GIVEN RECORDS below:
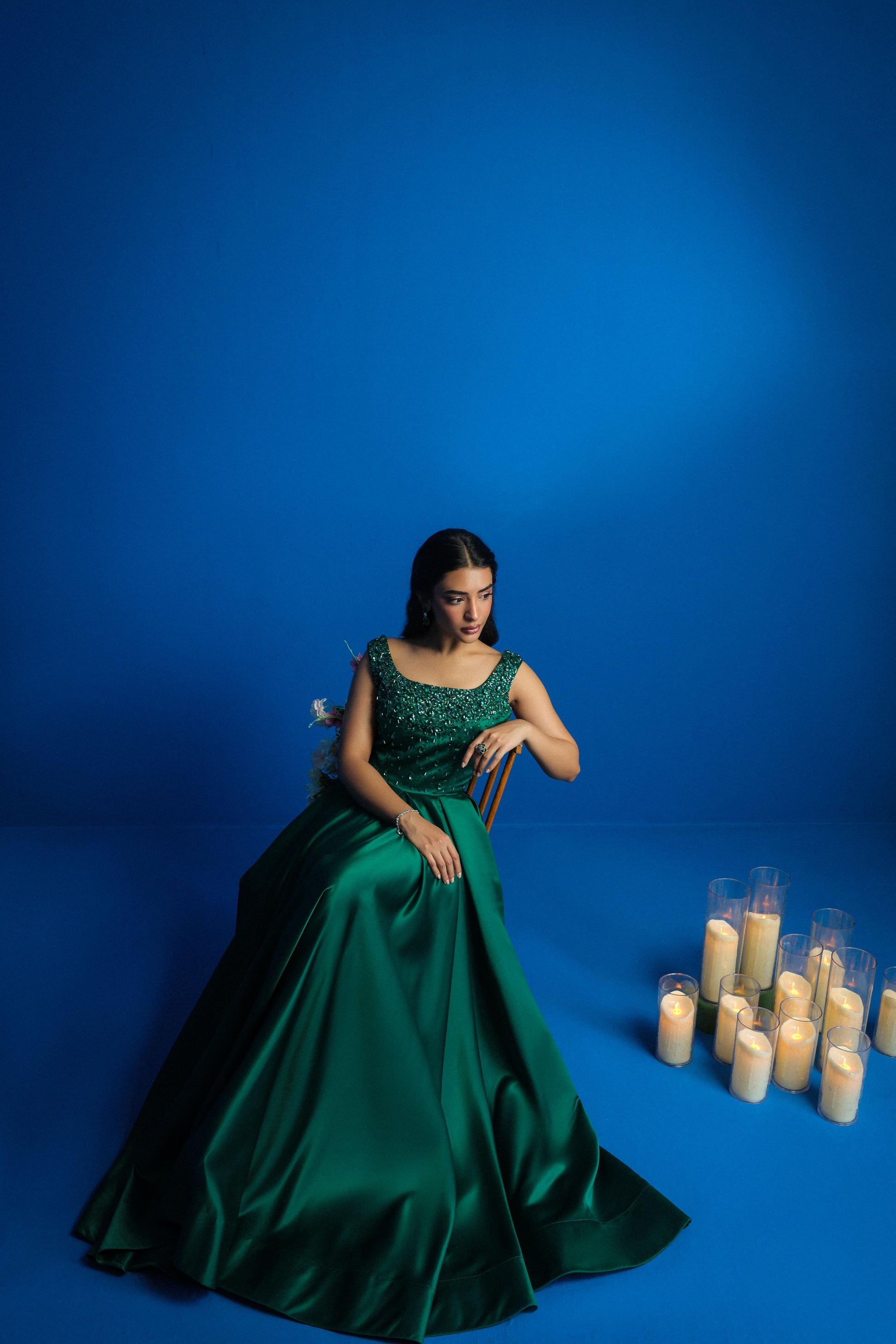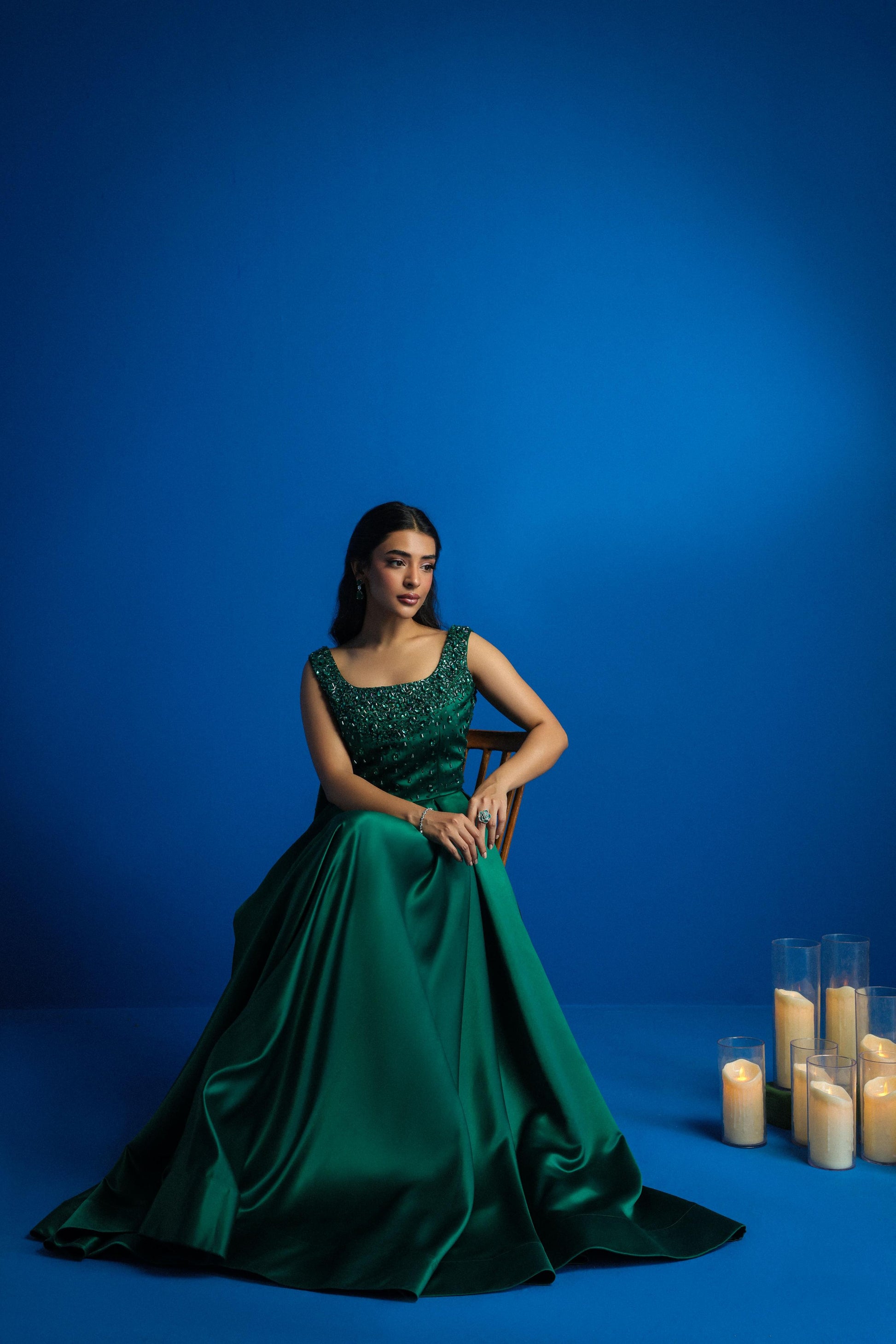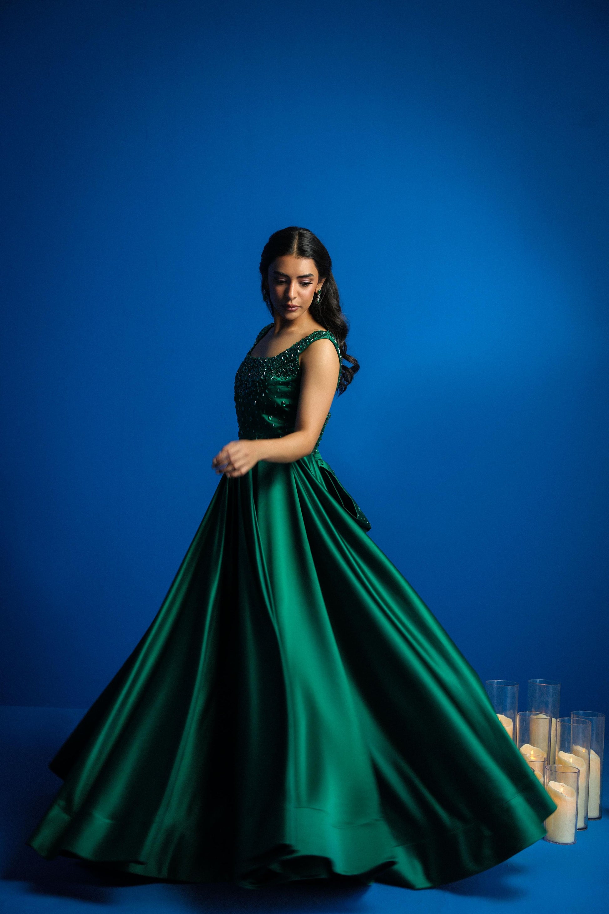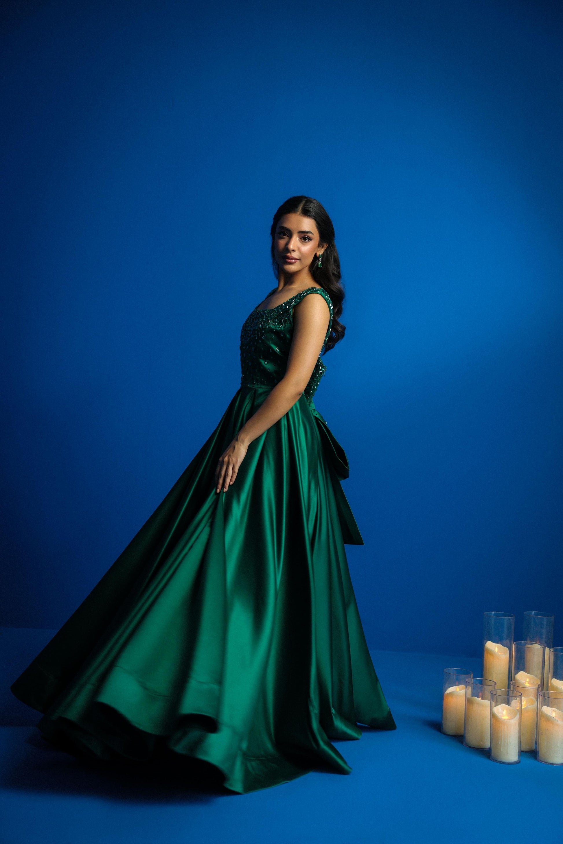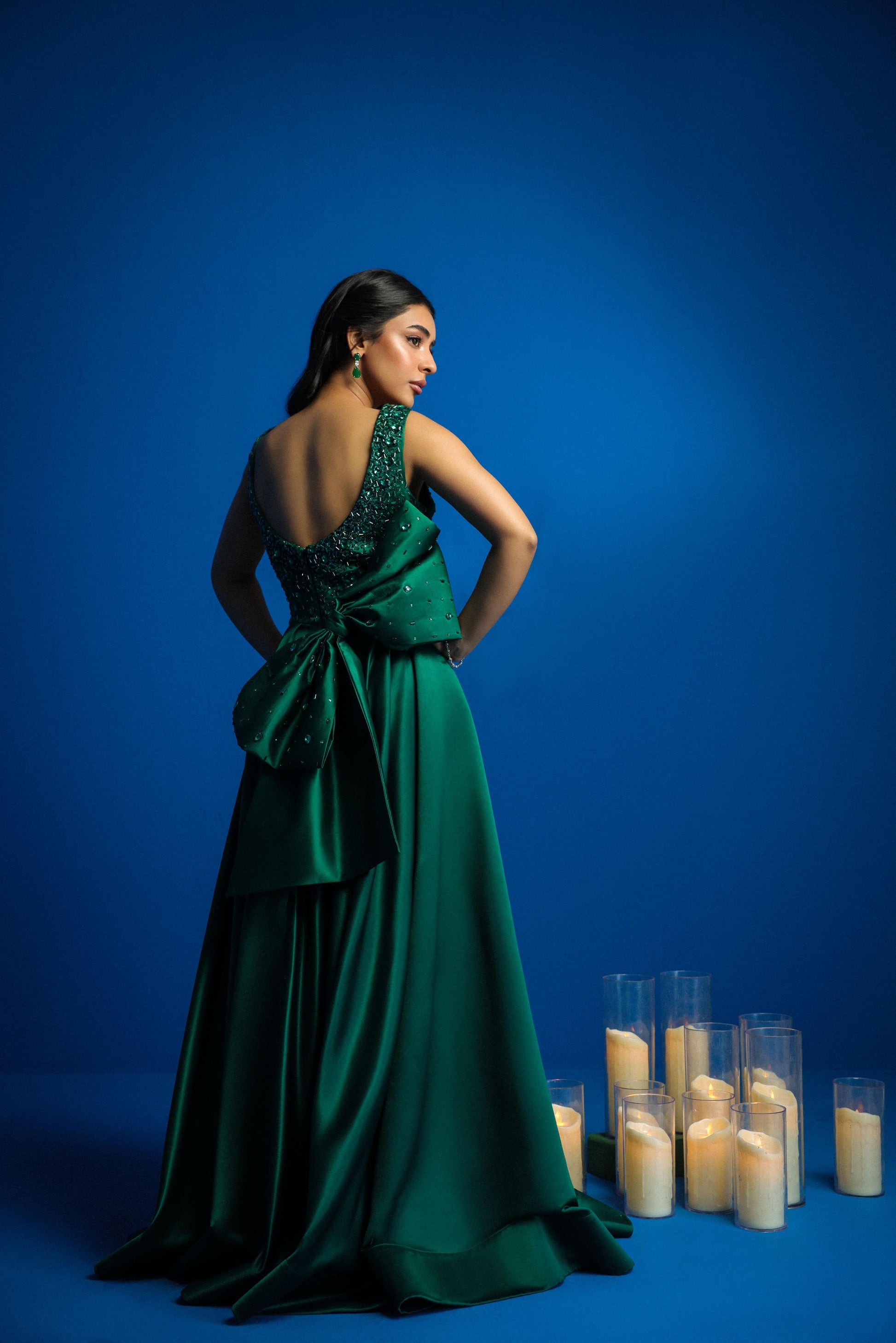 The rich emerald hue evokes a sense of royalty and calm elegance perfect for evening wear, red carpet moments, or intimate celebrations.
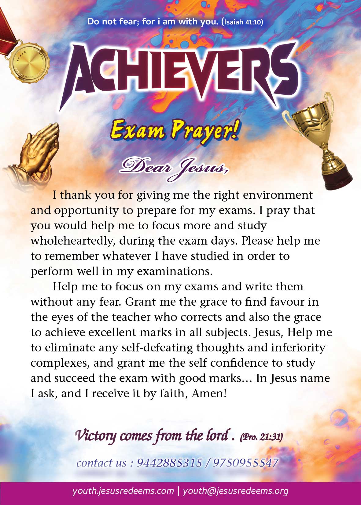 Exam Prayer Card – EnglishBy jeevin [featured_image] Download Download is available until [expire_date] Version Download 4651 File Size 233.20 KB File Count 1 Create Date 23/04/2022 Last Updated 02/05/2022 Exam Prayer Card - English
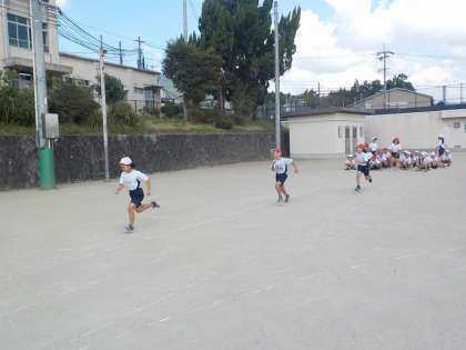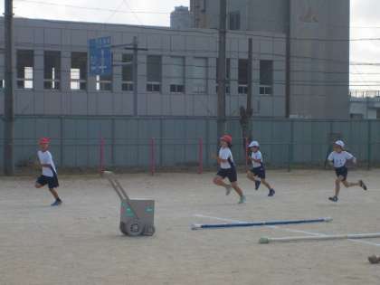 3年生は,体育学習発表会で80m走を走ります。スタートも上手にできるようになり,走るスピードも速くなってきました。ゴールまで全力で走りきってほしいと思います。
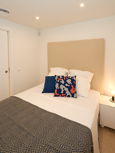 Leading off the kitchen is the first air conditioned bedroom with a double bed (160cm). In the entrance hall is a cloakroom with wc & basin.
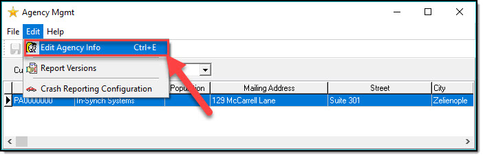 2. Open the Agency Info, by select ‘Edit Agency Info’ from the Edit drop down.
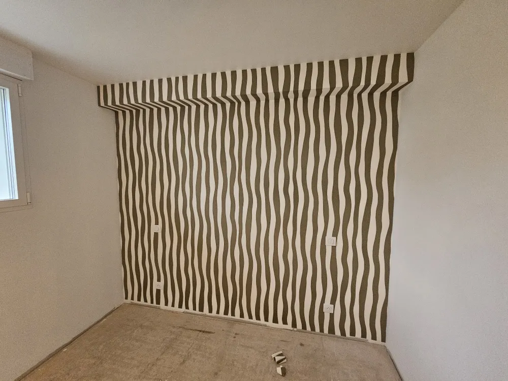 Pose de papier peint à raccord à motifs ondulés à Rennes
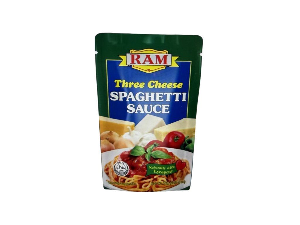 Ram Three Cheese Spaghetti Sauce is a ready-to-use pasta sauce that combines a tomato-based foundation with a rich blend of cheese flavors. It features a balance of sweetness and savory notes, typical of Filipino-style spaghetti sauces, enhanced by the creamy and slightly tangy taste of mixed cheeses.
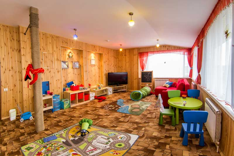 Детская игровая комната размером 40 м² расположена на втором этаже главного корпуса рядом с банкетным залом - даже в разгар праздника Ваши дети не останутся без присмотра родителей! Комната оборудована детской мебелью, спортивными снарядами, ЖК-телевизором с DVD-плеером и большим количеством разнообразных игрушек.
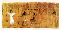 – Anubis trong cảnh cân linh hồn của Djet-Khonsou-ioufankh, tu sĩ của Amon và Thot, minh họa cho cuốn “Tử thư” bằng giấy papyrus đặt trong ngôi mộ của người quá cố. Anubis đang chủ trì buổi lễ cân linh hồn. Linh hồn được cân nhưng thay cho quả cân thông thường là một chiếc lông đà điểu, biểu tượng của thần Maât. Thần Thot đang ghi lại kết quả trên một tấm bảng thư lại. Người quá cố đưa tay lên cao nhằm biểu lộ sự ngay thẳng của mình. Nếu trái tim nặng hơn chiếc lông, thì điều đó có nghĩa là người quá cố là một kẻ tội lỗi (hình 7).
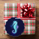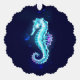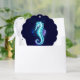 Crystal Ice Seahorse on Blue Background Tree Decoration Card
End of GIVEN RECORDS.
### REQUIREMENT
Return the material word for word. Pictures are not part of the copy.

### TASK SOLUTION
 The rich emerald hue evokes a sense of royalty and calm elegance perfect for evening wear, red carpet moments, or intimate celebrations.
 Exam Prayer Card – EnglishBy jeevin [featured_image] Download Download is available until [expire_date] Version Download 4651 File Size 233.20 KB File Count 1 Create Date 23/04/2022 Last Updated 02/05/2022 Exam Prayer Card - English
 3年生は,体育学習発表会で80m走を走ります。スタートも上手にできるようになり,走るスピードも速くなってきました。ゴールまで全力で走りきってほしいと思います。
 Leading off the kitchen is the first air conditioned bedroom with a double bed (160cm). In the entrance hall is a cloakroom with wc & basin.
 2. Open the Agency Info, by select ‘Edit Agency Info’ from the Edit drop down.
 Pose de papier peint à raccord à motifs ondulés à Rennes
 Ram Three Cheese Spaghetti Sauce is a ready-to-use pasta sauce that combines a tomato-based foundation with a rich blend of cheese flavors. It features a balance of sweetness and savory notes, typical of Filipino-style spaghetti sauces, enhanced by the creamy and slightly tangy taste of mixed cheeses.
 Детская игровая комната размером 40 м² расположена на втором этаже главного корпуса рядом с банкетным залом - даже в разгар праздника Ваши дети не останутся без присмотра родителей! Комната оборудована детской мебелью, спортивными снарядами, ЖК-телевизором с DVD-плеером и большим количеством разнообразных игрушек.
 – Anubis trong cảnh cân linh hồn của Djet-Khonsou-ioufankh, tu sĩ của Amon và Thot, minh họa cho cuốn “Tử thư” bằng giấy papyrus đặt trong ngôi mộ của người quá cố. Anubis đang chủ trì buổi lễ cân linh hồn. Linh hồn được cân nhưng thay cho quả cân thông thường là một chiếc lông đà điểu, biểu tượng của thần Maât. Thần Thot đang ghi lại kết quả trên một tấm bảng thư lại. Người quá cố đưa tay lên cao nhằm biểu lộ sự ngay thẳng của mình. Nếu trái tim nặng hơn chiếc lông, thì điều đó có nghĩa là người quá cố là một kẻ tội lỗi (hình 7).
 Crystal Ice Seahorse on Blue Background Tree Decoration Card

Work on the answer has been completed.